◆ Task details ◆
Output each entry that follows exactly. Images stay out.

◆ Stored dataset items ◆
============================================================

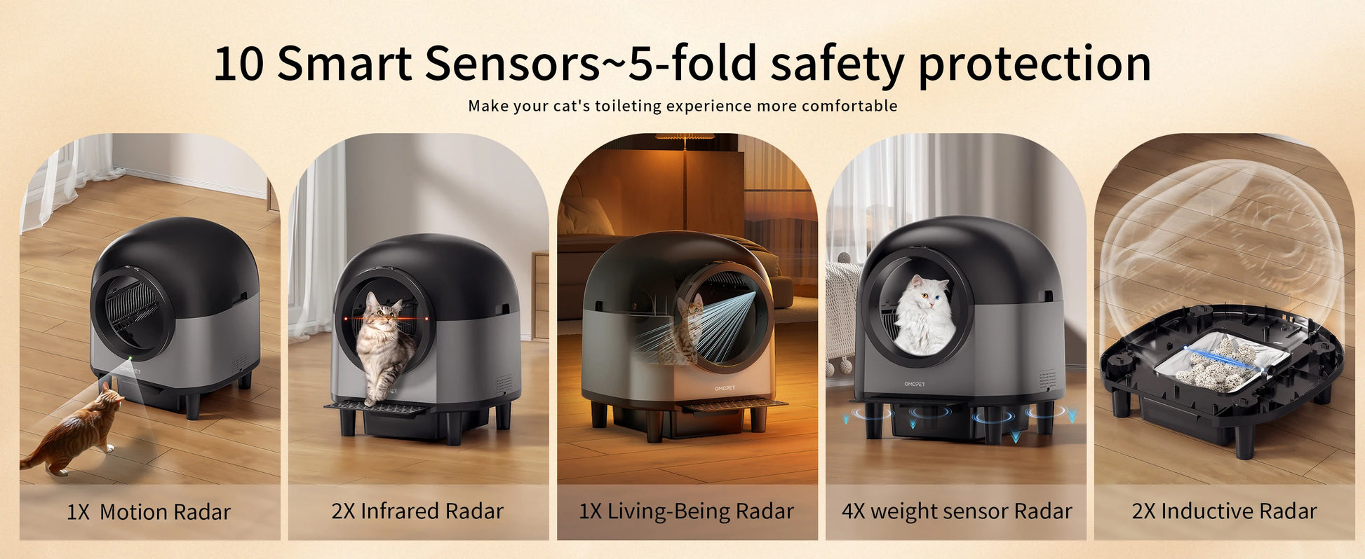 [10 Safety Sensing Radars] : REDSASAcat litter box automatic cleaning is equipped with 10 safety sensing radars that intelligently detect the presence of your cat. Once the radar detects a cat is approaching the automatic litter box self cleaning, the auto litter box system immediately stops the rotation of the drum to ensure the cat's absolute safety. This advanced technology effectively prevents any harm to your cat during use, giving pet owners peace of mind.
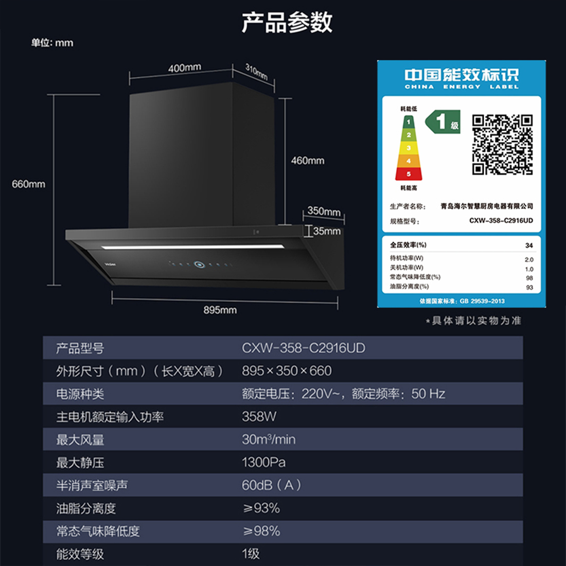 海尔吸油烟机CXW-358-C2916UD麦浪Pro
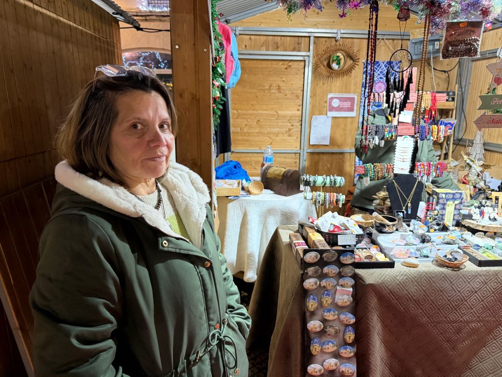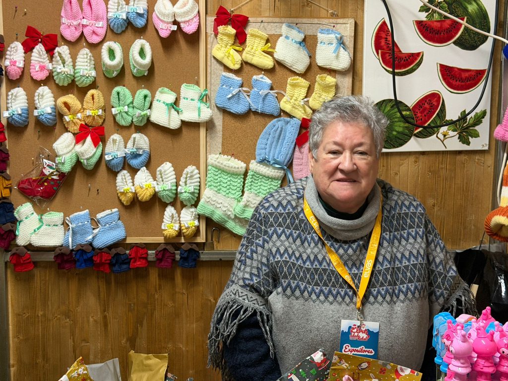 Na Feira Belinha Barbado diz que “Está a correr muito bem, graças a Deus. Tenho crochê, tenho tricô, tenho trapologia, tenho muitas coisas. Velas, tenho bonequinhos, tenho arcas, tenho muitas coisas, bandoletes para as meninas” E sobre valer a pena estar nesta feirinha, Belinha Barbado diz que “vivo um ano a pensar no ano seguinte a pensar no fim do ano pronto. Vale a pena, que eu gosto muito, muito, muito e gosto muito de vir aqui para a praça, porque vejo pessoas que só vejo uma vez no ano, só as vejo quando estou aqui e gosto muito de fazer destas coisinhas de artesanato, manualidades, sinto-me muito realizada a fazer serões nisto, estou a ver as minhas novelas e estou fazendo as minhas manualidades, gosto muito. Aqui, ao longo destes dias, encontra-se pessoas de todos os lados. Tiveram aqui pessoas de Cuba, de vários sítios, de Madrid, de Espanha então, tem vindo toda a Espanha toda, tem vindo aqui muitíssima gente. Os espanhóis gostam de tudo o que é feito realmente à mão. Tudo à mão é o que eles querem. Especialmente para crianças. Malinhas, malas, saquinhos com feltro, que eu faço saquinhos de feltro. E eles gostam muito. Carteirinhas para as meninas. Isto é uma maravilha aos fins de semana. Vamos pedindo um ano de cada vez”
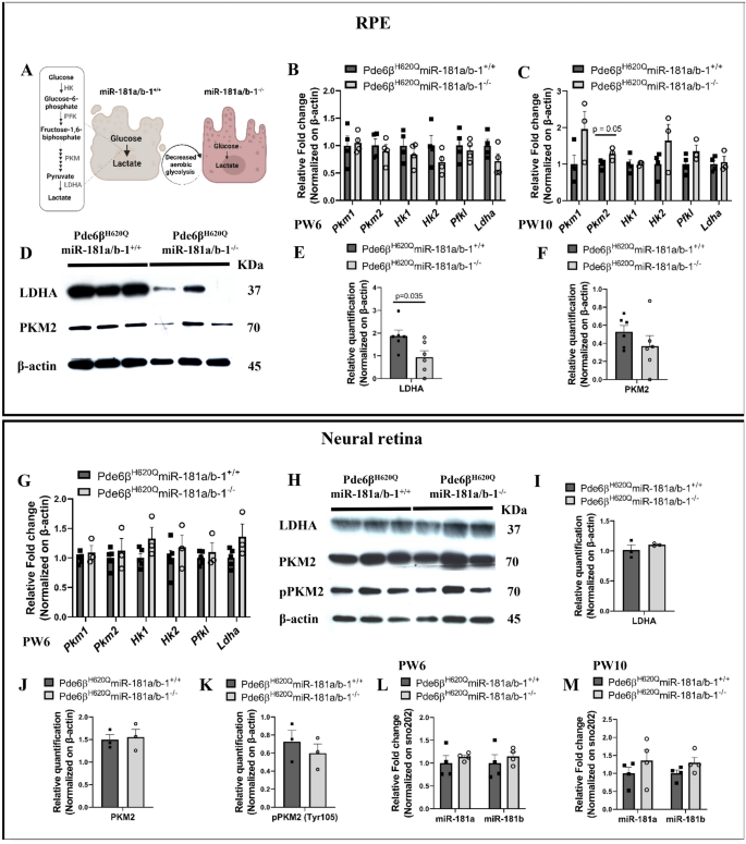 研究过程详述:miR-181a/b的来源为小鼠神经视网膜和视网膜色素上皮组织,验证方法包括实时荧光定量PCR(qPCR)检测表达水平、免疫荧光染色评估表型变化、蛋白质免疫印迹检测下游代谢蛋白表达;特异性方面,神经视网膜中miR-181a/b在疾病中期和晚期显著上调,而视网膜色素上皮中miR-181b从疾病早期开始持续下调,miR-181a随疾病进展逐渐下调,呈现细胞特异性的表达模式;敏感性方面,在疾病早期(PW3)即可检测到视网膜色素上皮中miR-181b的显著下调(n≥4,P<0.05),可作为疾病早期的分子信号。
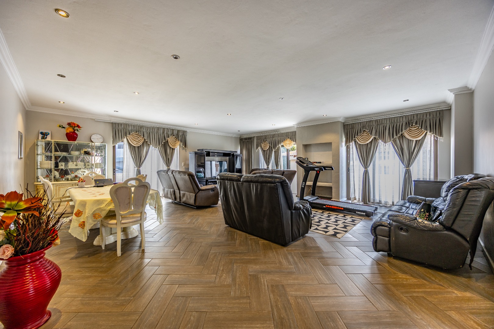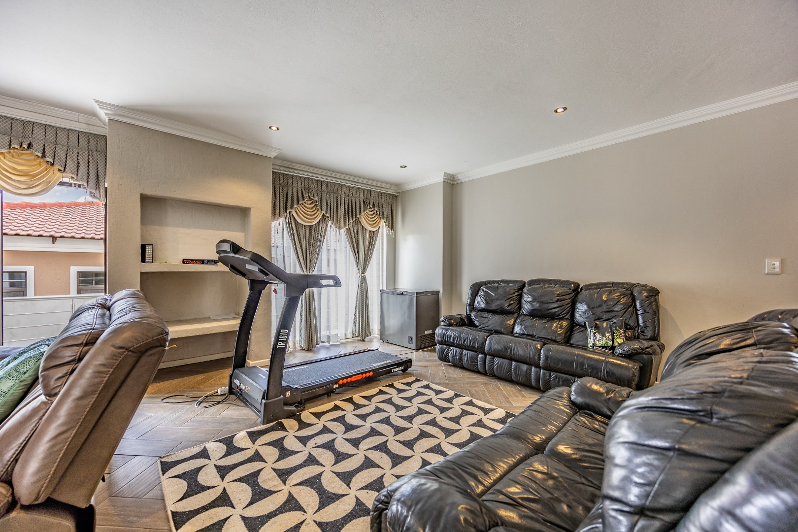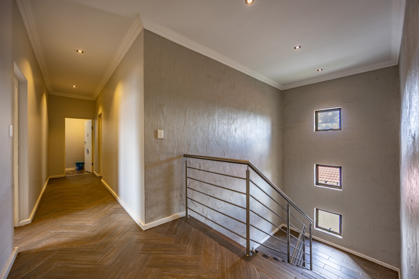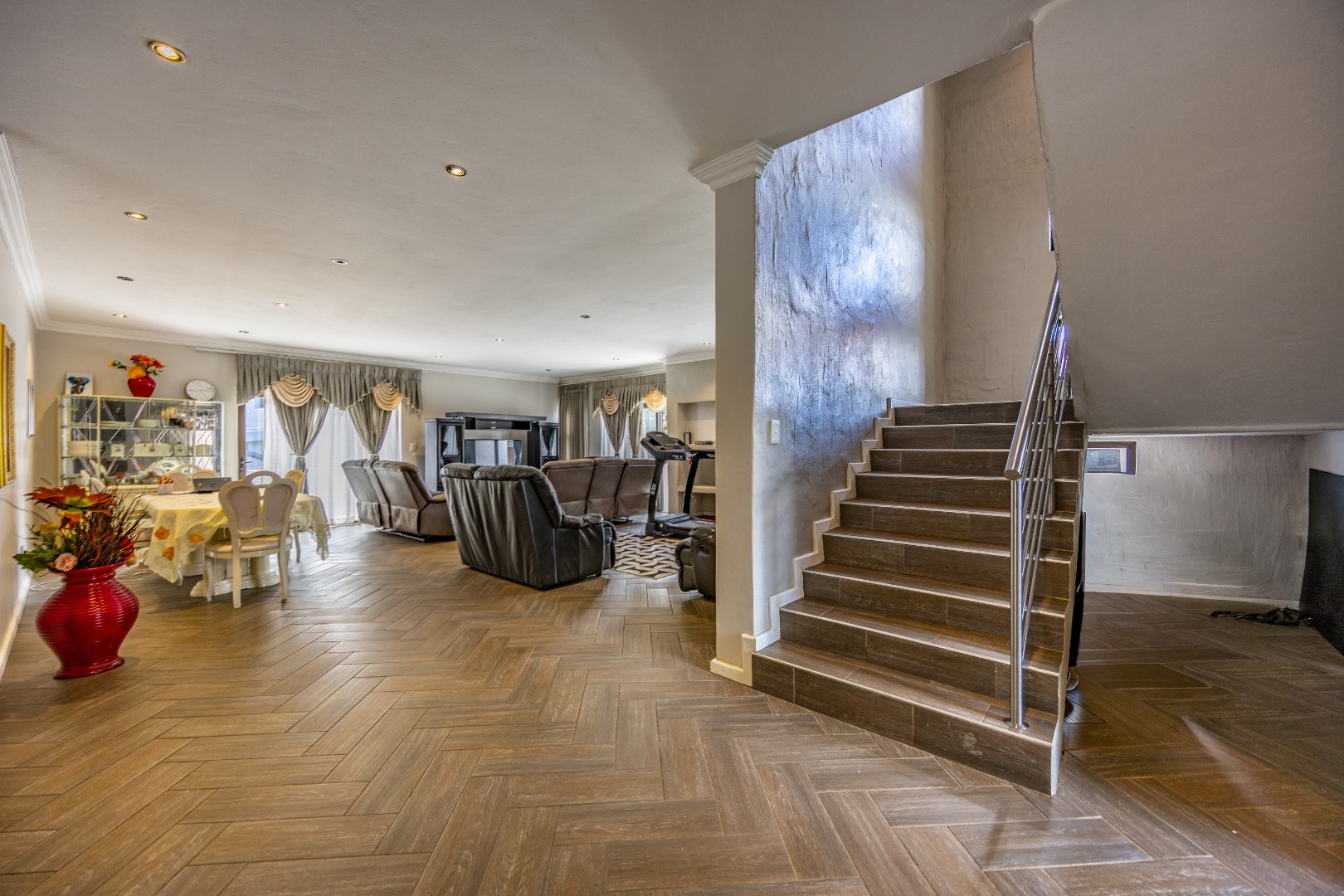 Upstairs, the layout continues to impress with three well-appointed bedrooms. The first bedroom features laminated flooring and built-in cupboards, serviced by a nearby bathroom with a shower. The main bedroom is a standout — spacious, beautifully laid out, complete with a full en-suite bathroom and a walk-in closet that adds that touch of luxury. The third bedroom also enjoys its own en-suite bathroom, making it perfect for family or guests who value privacy. Set within one of Olympus’ most sought-after estates, this home delivers strong flow, practical design, and the kind of lifestyle buyers are actively looking for.

============================================================

◆ Finished task ◆
 [10 Safety Sensing Radars] : REDSASAcat litter box automatic cleaning is equipped with 10 safety sensing radars that intelligently detect the presence of your cat. Once the radar detects a cat is approaching the automatic litter box self cleaning, the auto litter box system immediately stops the rotation of the drum to ensure the cat's absolute safety. This advanced technology effectively prevents any harm to your cat during use, giving pet owners peace of mind.
 海尔吸油烟机CXW-358-C2916UD麦浪Pro
 Na Feira Belinha Barbado diz que “Está a correr muito bem, graças a Deus. Tenho crochê, tenho tricô, tenho trapologia, tenho muitas coisas. Velas, tenho bonequinhos, tenho arcas, tenho muitas coisas, bandoletes para as meninas” E sobre valer a pena estar nesta feirinha, Belinha Barbado diz que “vivo um ano a pensar no ano seguinte a pensar no fim do ano pronto. Vale a pena, que eu gosto muito, muito, muito e gosto muito de vir aqui para a praça, porque vejo pessoas que só vejo uma vez no ano, só as vejo quando estou aqui e gosto muito de fazer destas coisinhas de artesanato, manualidades, sinto-me muito realizada a fazer serões nisto, estou a ver as minhas novelas e estou fazendo as minhas manualidades, gosto muito. Aqui, ao longo destes dias, encontra-se pessoas de todos os lados. Tiveram aqui pessoas de Cuba, de vários sítios, de Madrid, de Espanha então, tem vindo toda a Espanha toda, tem vindo aqui muitíssima gente. Os espanhóis gostam de tudo o que é feito realmente à mão. Tudo à mão é o que eles querem. Especialmente para crianças. Malinhas, malas, saquinhos com feltro, que eu faço saquinhos de feltro. E eles gostam muito. Carteirinhas para as meninas. Isto é uma maravilha aos fins de semana. Vamos pedindo um ano de cada vez”
 研究过程详述:miR-181a/b的来源为小鼠神经视网膜和视网膜色素上皮组织,验证方法包括实时荧光定量PCR(qPCR)检测表达水平、免疫荧光染色评估表型变化、蛋白质免疫印迹检测下游代谢蛋白表达;特异性方面,神经视网膜中miR-181a/b在疾病中期和晚期显著上调,而视网膜色素上皮中miR-181b从疾病早期开始持续下调,miR-181a随疾病进展逐渐下调,呈现细胞特异性的表达模式;敏感性方面,在疾病早期(PW3)即可检测到视网膜色素上皮中miR-181b的显著下调(n≥4,P<0.05),可作为疾病早期的分子信号。
 Upstairs, the layout continues to impress with three well-appointed bedrooms. The first bedroom features laminated flooring and built-in cupboards, serviced by a nearby bathroom with a shower. The main bedroom is a standout — spacious, beautifully laid out, complete with a full en-suite bathroom and a walk-in closet that adds that touch of luxury. The third bedroom also enjoys its own en-suite bathroom, making it perfect for family or guests who value privacy. Set within one of Olympus’ most sought-after estates, this home delivers strong flow, practical design, and the kind of lifestyle buyers are actively looking for.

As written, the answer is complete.